1. Stacking Implementation

- Stacking is an ensemble learning technique that combines the predictions of multiple diverse models (base learners) to produce a more accurate final prediction. Instead of averaging (bagging) or sequentially correcting errors (boosting), stacking learns how to combine models optimally.
- Stacking involves two levels:
    1. Base learners: These are individual models that are trained on the original training data.
    2. Meta learner: This model is not trained on the training data but rather, the predictions of each individual base learner. It tries to learn the optimal combination of the base preedictions to minimise prediction error.
- This combines various aspects of diverse models such as the benefits of low bias and low variance, which leads to better generalisation.

In [None]:
#Defining the base learners: KNN, Bagging Regressor, Gradient Boosting Regressor. We use the same number of estimators as used in Part B for Bagging and Gradient Boosting Regressor
knn_base = KNeighborsRegressor(n_neighbors=5)
bagging_base = BaggingRegressor(estimator=DecisionTreeRegressor(),n_estimators=1000)
gbr_base = GradientBoostingRegressor(n_estimators=1000)

In [None]:
#Defining the meta learner: Ridge Regressor
meta_learner = Ridge(alpha=1.0)

In [None]:
#Defining the Stacking Regressor
stacking = StackingRegressor(
    estimators=[
        ('knn', knn_base),
        ('bagging', bagging_base),
        ('gbr', gbr_base)
    ],
    final_estimator=meta_learner,
)

In [None]:
#Training the Stacking Regressor
stacking.fit(X_train, Y_train)

In [None]:
#Predictions using Stacking Regressor
y_pred_stack = stacking.predict(X_test)

2. Final Evaluation

In [None]:
#RMSE calculation
rmse_stack = root_mean_squared_error(Y_test,y_pred_stack)
print(f"RMSE with Stacking Regressor: {rmse_stack}")

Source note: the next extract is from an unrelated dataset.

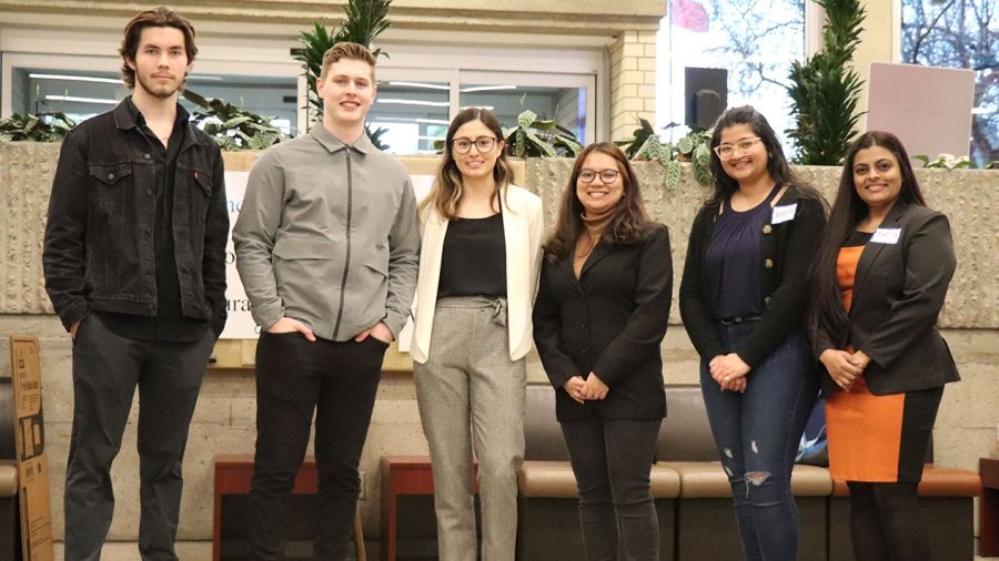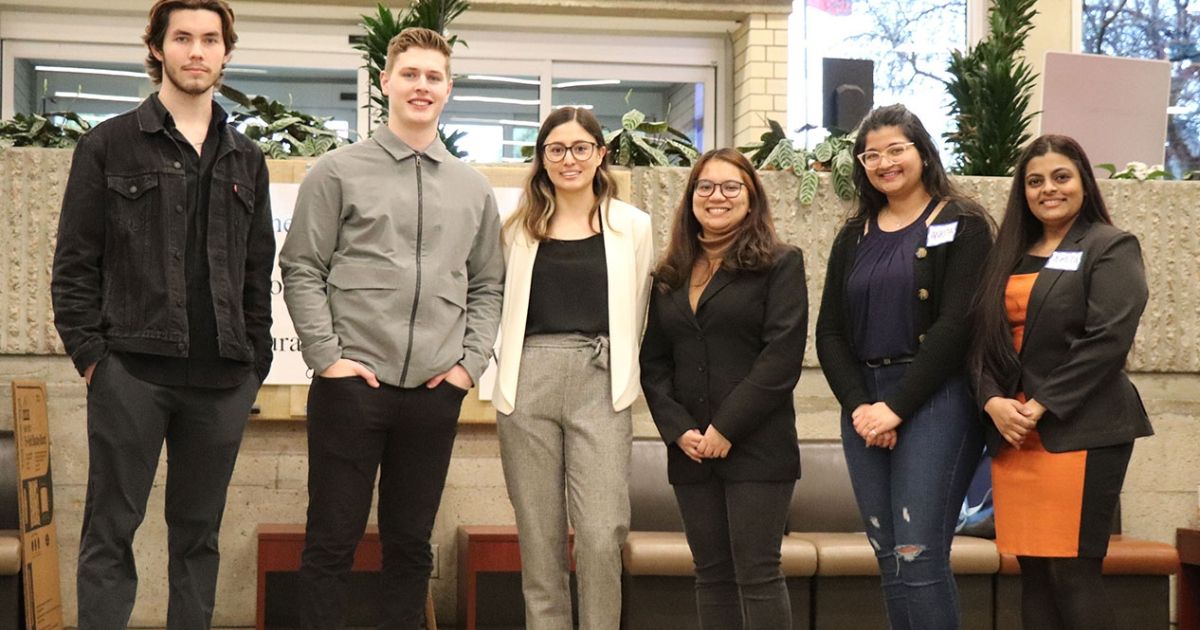 Winners of the in-person Business Plan Tradeshow Competition standing proud after hearing the results. (Left to right) Connor Amonson and Kaleb Comishin (second place), Mariana Martin and Christine Joy Esplana (first place) and Ankita Nair and Asmita Joge (honourable mention).
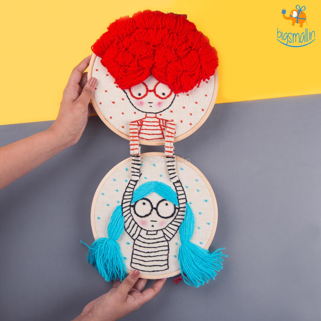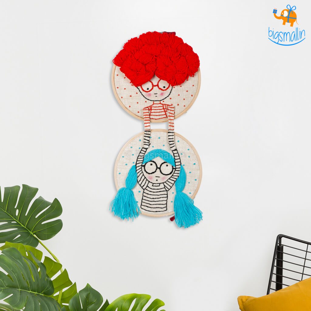 Presenting traditional art and a relatively new creative way to present it. The friends' embroidery hoop art will light up any corner you decide to hang it upon. The embroidery is done with bright colored threads on an off-white fabric, making the design pop. The colorful hairs make the design look more cheerful. You can easily hang the hoop with the support of the screw and nut. The hoop will look great placed on a bookcase or hanged above your coffee table. Gift the art to an embroidery enthusiast or somebody who likes to display decorated textiles in their home.

RMSE with Stacking Regressor: 46.61888530287946


### Part D: Final Analysis

1. Comparative Table

| Model                          | RMSE           |
|--------------------------------|----------------|
| Linear Regressor               | 101.2054       |
| Bagging Regressor              | 49.7877        |
| Gradient Boosting Regressor    | 51.3593        |
| Stacking Regressor             | 46.6188        |


2. Conclusion

- We see that the Stacking Regressor achieves the lowest RMSE on the test data, hence it is the best performing model.
- Baseline models such as linear regression and decision trees often face issues due to high bias (not able to capture complex patterns and leads to underfitting) or high variance (overfits to the training data, and cannot generalise well). As a result, the model is not able to capture all aspects of the data, leading to a higher RMSE. This is known as the bias-variance tradeoff.
- Stacking on the other hand, combines diverse base learners and a meta-learner to optimally combine them. The base learners are chosen in a way, such that each one captures patterns in a unique way.
- In our case, we can say that the base learners used have different learning patterns. The KNN Regressor captures low level patterns and has low bias, the Bagging Regressor works on variance reduction, and the Gradient Boosting Regressor works on bias reduction. Each base learner provides a different perspective to the data, and produces different types of errors that are uncorrelated. Combining the predictions of each of these base learners would smoothen out these errors.
- The meta learner then learns how to combine the predictions of these base learners optimally, such that the final output minimises the prediction error. It learns to leverage and weight the predictions such that it reduces both bias and variance. It also learns which base learner to weigh more for which region of the feature space.
- As a result, the stacking regressor reduces both bias and variance, which results in the least RMSE among the models that have been tested. The margin of difference in RMSE between the stacking regressor and the baseline model is also high (almost half the RMSE of Linear Regressor), indicating that the stacking regressor generalises much better than the baseline models.